Clone Schema#

A Clone object groups a set of Rearrangements or Cells that are inferred to be related by common descent from a single naive ancestor. The member Rearrangements and Cells are referenced from Clone as an array of Nodes and can include inferred ancestors that were not directly observed. All members of a Clone must be from either a single RepertoireGroup or from a single Repertoire if a RepertoireGroup was not created.

A Node links members of a Clone to their original metadata and annotations.

File Format Specification#

Files are YAML/JSON with an AIRR Data File structure. Files should be encoded as UTF-8. Identifiers are case-sensitive. Files should have the extension .yaml, .yml, or .json.

File Structure#

  • The DataFile is a dictionary (key/value pair) structure with the keys Clone and Node.

  • The file can (optionally) contain an Info object, at the beginning of the file, based upon the Info schema in the OpenAPI V2 specification. If provided, version in Info should reference the version of the AIRR schema for the file.

  • The file should correspond to a list of Clone objects, using Clone as the key to the list.

  • The file should correspond to a list of Node objects, using Node as the key to the list.

  • Each Clone object should contain a top-level key/value pair for clone_id that uniquely identifies the clone and a top-level key/value pair for either repertoire_group_id or repertoire_id that identifies the source of the clone’s members.

  • Each Node object should contain top-level key/value pairs for node_id (uniquely identifies the node) and repertoire_id (identifies the source repertoire).

  • Some fields require the use of a particular ontology or controlled vocabulary.
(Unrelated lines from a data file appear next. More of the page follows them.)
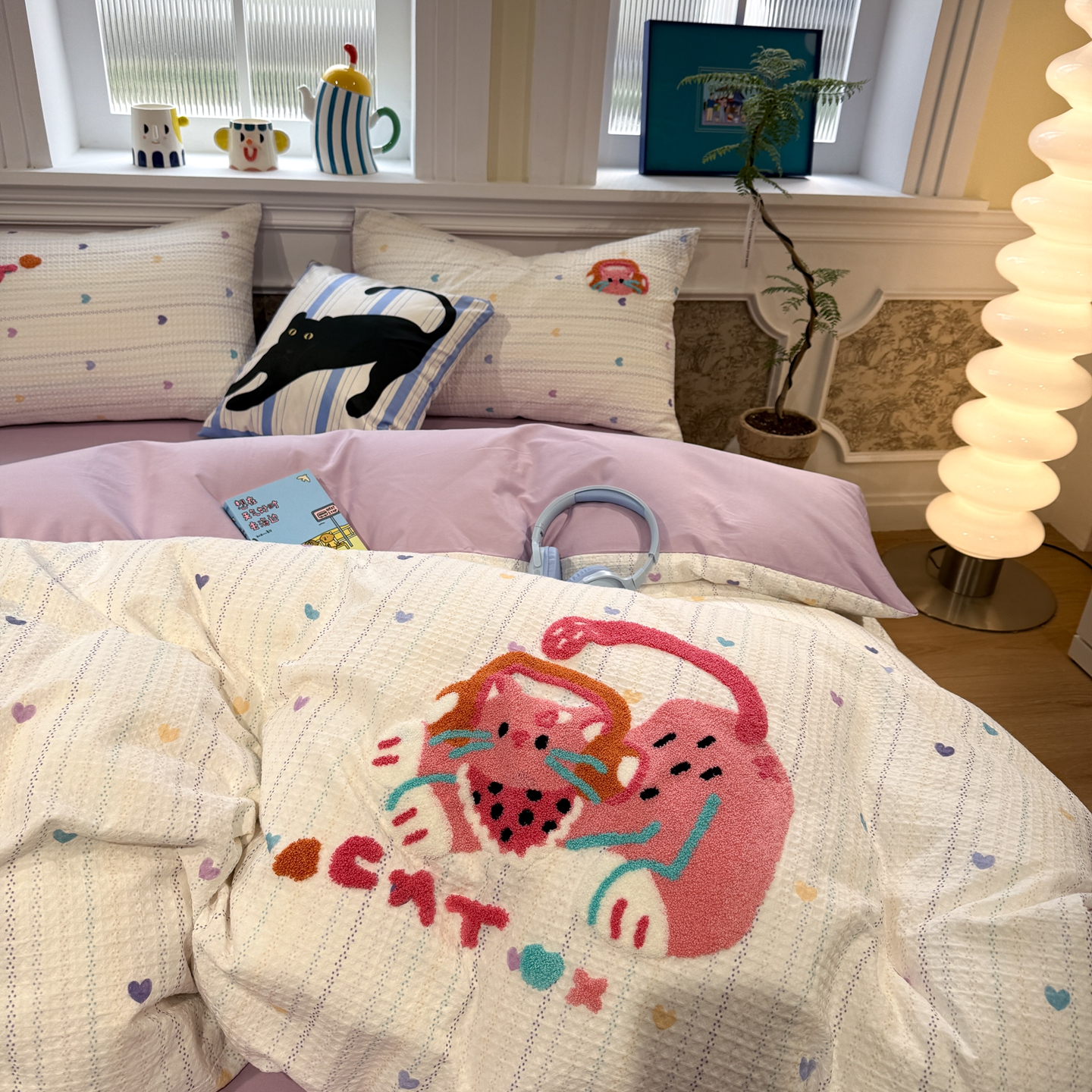 当前位置: 91家纺网 > 商品网购 > 床品套件 > 四件套 > 毛巾绣四件套 > 珺柔家纺 2026新款卡通华夫格毛巾绣四件套 下午茶小狗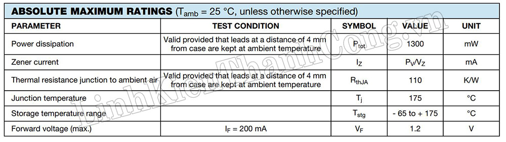 - Loại sản phẩm: Diode Zener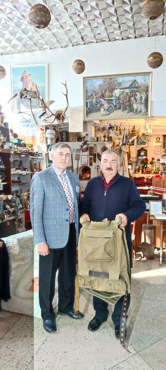 С приятной миссии начал свой рабочий день председатель Желанновской участковой комиссии Одесского района N1272 Денис Иосифович Колищак. Он преподнёс заведующему музея А. И. Лонскому в дар армейский бронежилет примерно 1980-го года. избирательные участки, как и музей, сейчас располагаются в Центре культуры и досуга, вот и получилось совместить приятное дело с событием регионального масштаба.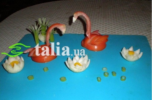 - Из помидорчиков можно сделать лебедей. Из лука и яиц вырезать лилии. Глазки делаем из кусочков маслин или из гвоздики.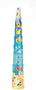 Okrągła piramida wieża Staw 02675 marki Janod składa się z 10 klocków w kształcie tub, wykonanych z najwyższej jakości kartonu. Zabawka doskonale sprawdzi się jako prezent już dla rocznego dziecka, któremu sprawia radość zarówno budowanie, jak i przewracanie konstrukcji. Na ściankach piramidy znajdują się piękne, kolorowe obrazki zwierzątekżyjących nad wodą oraz stworzeń podwodnych, m.in. żab, kijanek, ryb czy ślimaków. Rysunki nadają zabawce unikatowego wyglądu, a mniejszym pociechom pełnią funkcję edukacyjną – pomogą przy poznawaniu nazw zwierząt. Klocki sąbardzo lekkie i całkowicie bezpieczne. Dodatkowo każdy poziom wieży ma inną wielkość, aby dziecko mogło je bez problemu układać jeden na drugim. A po zabawie, wieża zajmuje niewiele miejsca, ponieważ klocki można schować do środka we właściwej kolejności (jeden w drugi). Producent pomyślał o wykorzystaniu wieży także na nieco późniejszym etapie rozwoju maluszka. Dlatego na górnych ściankach umieszczone zostały cyfry od 1 do 10 do nauki rozpoznawania i liczenia. Kartoniki starszym dzieciom sprawdzą się jako pudełka na przybory do rysowania, a także organizer do przechowywania mniejszych zabawek. Dzięki takiemu zastosowaniu, na półkach w pokoju dziecka będzie panował porządek. Zabawka przeznaczona dla dzieci od 12 miesiąca życia zapakowana jest w estetyczne, kartonowe pudełko. Tak spakowane klocki to idealny pomysł na prezent dla dzieci na pierwsze urodzinki, na dzień dziecka czy też bez okazji, gdy idziemy w odwiedziny. W czasie zabawy dziecko odkrywa chęć eksperymentowania oraz umiejętność budowania i tworzenia. Zabawki edukacyjne marki Janod wyróżniają się nowatorskimi rozwiązaniami, wysoką jakością materiałów i precyzyjnym wykonaniem. Podczas beztroskiej zabawy dzieci rozwijają zmysły, a zastosowanie w zabawkach wielu funkcjonalności wpływa na ogólny postęp pociech. Dzięki przypisaniu do odpowiedniej kategorii wiekowej, służą ćwiczeniu adekwatnych na danym etapie umiejętności, jak motoryka dłoni czy kojarzenie kształtów i kolorów. Na dowód tego, że zabawki są całkowicie bezpieczne przyznano im certyfikaty jakości: EN71-1; EN71-2, EN71-3; REACH.

  • The structure is the same regardless of whether the data is stored in a file or a data repository.

Schema Field Definitions#

Clone Fields#

Download as TSV

Name

Type

Attributes

Definition

clone_id

string

required, identifier

Identifier for the clone.

repertoire_group_id

string

required, nullable

Identifier of the RepertoireGroup that this Clone is derived from. If the Clone is derived from a single Repertoire, repertoire_id may be used instead.

repertoire_id

string

required, nullable

Identifier of the Repertoire that this Clone is derived from. Should only be used if Clones are calculated from a single Repertoire without defining a RepertoireGroup. Otherwise use repertoire_group_id instead.

clone_class

string

optional, nullable

Is this a single-chain clone or a cell-based clone?

data_processing_id

string

optional, nullable

Identifier of the data processing object in the repertoire metadata for this clone.

nodes

array of Node

required, nullable

List of Nodes that are members of this clone.

inferred_ancestor

string

optional, nullable

Node_id string that acts as a key to the Node record for the inferred naive Rearrangement or Cell for this clone.

clone_count

integer

optional, nullable

Absolute count of the size (number of members) of this clone in the repertoire. This could simply be the number of sequences (Rearrangement records) observed in this clone, the number of distinct cell barcodes (unique cell_id values), or a more sophisticated calculation appropriate to the experimental protocol. Absolute count is provided versus a frequency so that downstream analysis tools can perform their own normalization.

seed_id

string

optional, nullable

sequence_id or cell_id of the seed sequence/cell. Empty string (or null) if there is no seed sequence.

tree

string

optional, nullable

Newick string describing the tree.

Node Fields#

Download as TSV

Name

Type

Attributes

Definition

node_id

string

required, identifier

Identifier for the node.

repertoire_id

string

required, nullable

Identifier of the repertoire that cell or rearrangement contained by this node.

cell_id

string

optional, nullable

Identifier of the cell contained by this node. NOTE: Mutually exclusive with Node.sequence_id

sequence_id

string

optional, nullable

Identifier of the rearrangement contained by this node. NOTE: Mutually exclusive with Node.cell_id

node_type

string

optional, nullable

Node type (source). “Observed” for rearrangements/cells that were observed in the source data, “inferred” for unobserved intermediates that were phylogenetically inferred, or “simulated” for simulated rearrangements/cells.

node_class

string

optional, nullable

Does this node contain a rearrangement of a cell?